What you will do: Leave out any pictures and transcribe all other data below exactly.

Given data:

———

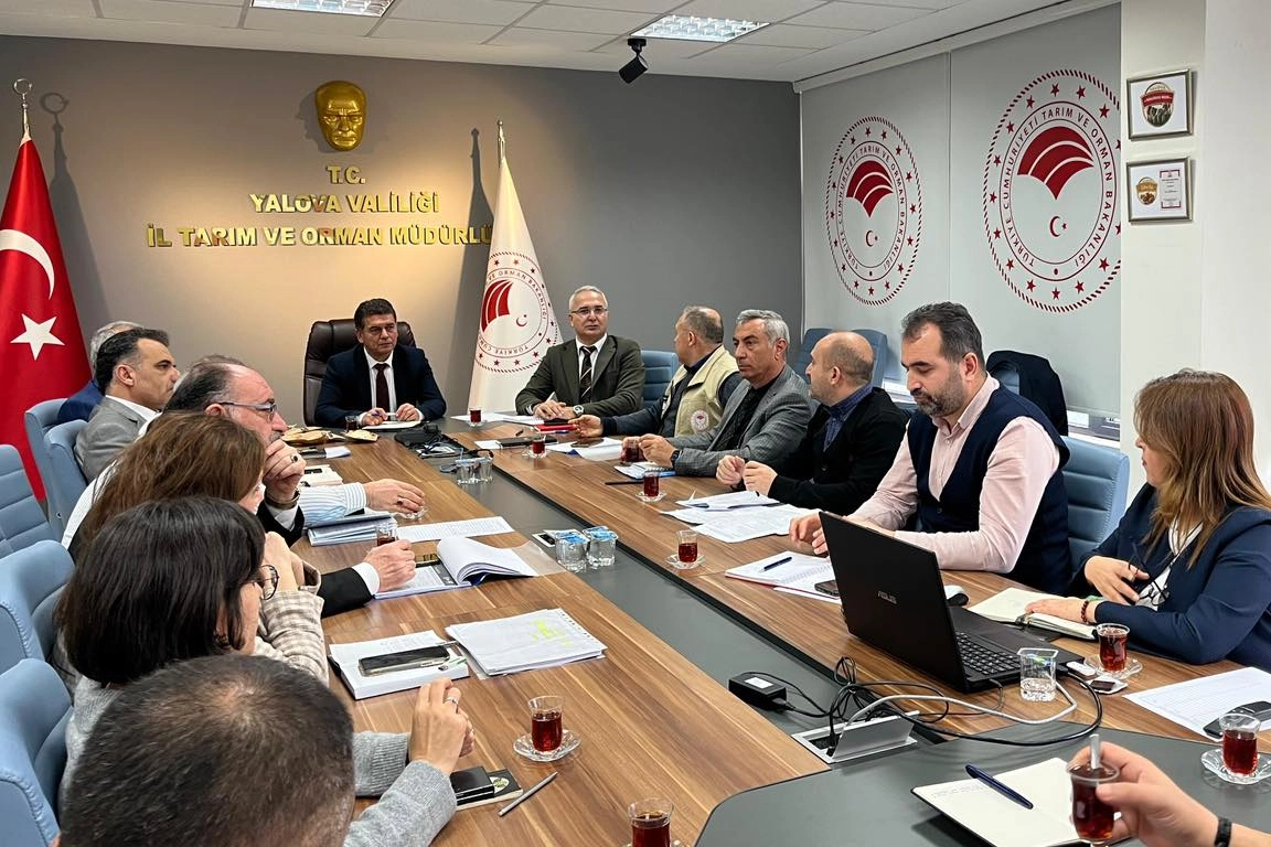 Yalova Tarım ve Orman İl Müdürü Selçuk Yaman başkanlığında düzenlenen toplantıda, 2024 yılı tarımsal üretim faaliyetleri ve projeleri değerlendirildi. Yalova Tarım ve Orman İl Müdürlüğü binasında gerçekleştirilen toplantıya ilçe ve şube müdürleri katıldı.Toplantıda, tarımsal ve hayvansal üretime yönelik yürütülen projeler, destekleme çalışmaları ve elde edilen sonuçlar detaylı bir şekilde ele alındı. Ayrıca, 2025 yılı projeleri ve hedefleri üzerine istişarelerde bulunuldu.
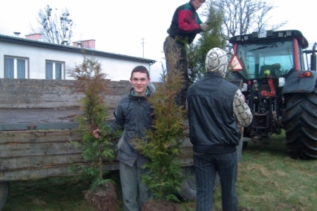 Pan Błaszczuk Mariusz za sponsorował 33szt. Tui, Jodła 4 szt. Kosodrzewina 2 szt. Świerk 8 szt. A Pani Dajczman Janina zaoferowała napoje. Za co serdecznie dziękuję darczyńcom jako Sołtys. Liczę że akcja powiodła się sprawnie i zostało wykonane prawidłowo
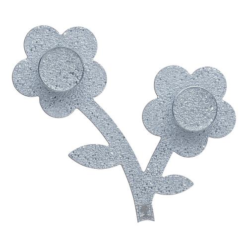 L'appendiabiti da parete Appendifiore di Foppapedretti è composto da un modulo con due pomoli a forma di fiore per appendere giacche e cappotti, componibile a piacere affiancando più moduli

———

Answer space:
 Yalova Tarım ve Orman İl Müdürü Selçuk Yaman başkanlığında düzenlenen toplantıda, 2024 yılı tarımsal üretim faaliyetleri ve projeleri değerlendirildi. Yalova Tarım ve Orman İl Müdürlüğü binasında gerçekleştirilen toplantıya ilçe ve şube müdürleri katıldı.Toplantıda, tarımsal ve hayvansal üretime yönelik yürütülen projeler, destekleme çalışmaları ve elde edilen sonuçlar detaylı bir şekilde ele alındı. Ayrıca, 2025 yılı projeleri ve hedefleri üzerine istişarelerde bulunuldu.
 Pan Błaszczuk Mariusz za sponsorował 33szt. Tui, Jodła 4 szt. Kosodrzewina 2 szt. Świerk 8 szt. A Pani Dajczman Janina zaoferowała napoje. Za co serdecznie dziękuję darczyńcom jako Sołtys. Liczę że akcja powiodła się sprawnie i zostało wykonane prawidłowo
 L'appendiabiti da parete Appendifiore di Foppapedretti è composto da un modulo con due pomoli a forma di fiore per appendere giacche e cappotti, componibile a piacere affiancando più moduli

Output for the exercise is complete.